Jim, over at Writer's Blog, has started a new site called Flashes of Speculation that's dedicated to publishing flash fiction in the following genres: science fiction, fantasy, horror fiction, supernatural fiction, alternate history, and magical realism. If you write flash fiction in any of these genres and are interested in submitting, the guidelines are here. Even if you don't write in these genres, you should head over and check out all the great stories being posted there. And if you want to be supercool, you can put up a link on your blog to show your support. And we all want to be supercool, don't we?

Tuesday, August 01, 2006

Yeaaahhhhh, I'm gonna need you to come in on Saturday

Because I have to work all day and I know some of you also have mind-numbingly boring jobs, I've got a little treat for you today. I now present:

Office Space, bunny-style.*

Enjoy.**

*If you're at said job, I would recommend saving this for later. The bunnies aren't exactly PG-13.

**And I promise later I'll actually have something for you to read since this is supposed to a writing blog for Christ's sake.

More pictures

I wanted to run and jump in with these kids, they looked like they were having so much fun.
Our new bridge, which cost a bazillion dollars.

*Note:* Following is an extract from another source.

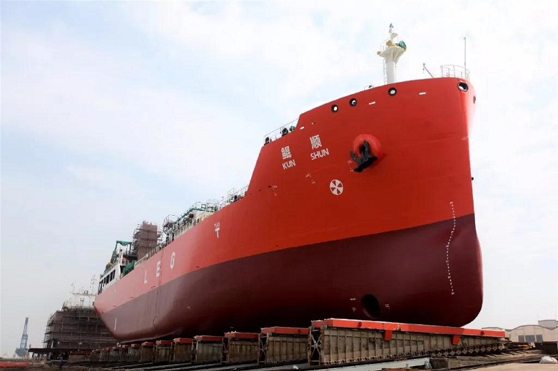 ????近日,中國船舶集團七〇八所為招商南油設(shè)計的新型6500立方米乙烯運輸船,在南京成功下水。該型船是在此前七〇八所為招商南油設(shè)計的6500立方米乙烯運輸船“雁順”輪基礎(chǔ)上,對全船總布置、船體線型、船體結(jié)構(gòu)等進行了全面優(yōu)化升級后推出的最新一代6500立方米乙烯運輸船型。為進一步提高操縱性,新型6500立方米乙烯運輸船增加了首側(cè)推和全懸掛高效舵。此外還配備了七〇八所自主開發(fā)設(shè)計的高效率螺旋槳和新型節(jié)能裝置,進一步提高了快速性,降低了油耗。同時該船嚴(yán)格按照IGC規(guī)則(國際散裝運輸液化氣體船舶構(gòu)造和設(shè)備規(guī)則)進行設(shè)計,是一艘“綠色、經(jīng)濟、安全”的乙烯運輸船。

Pretty fancy stuff.
Another fountain I wanted to jump in.
Looking out on the harbor.
Sidewalk graffiti.
Animal cruelty. Otherwise known as one of those things tourists do. I wanted to tell them all to get their fat asses out and walk.
More views of the harbor.
Houses on the Battery.
I have more pictures but Blogger doesn't seem to be cooperating. Hopefully I'll get them posted sometime today. And if anyone's curious, it was so hot my shoes were melting into the sidewalk while I was out taking these. But that's how much I love you all.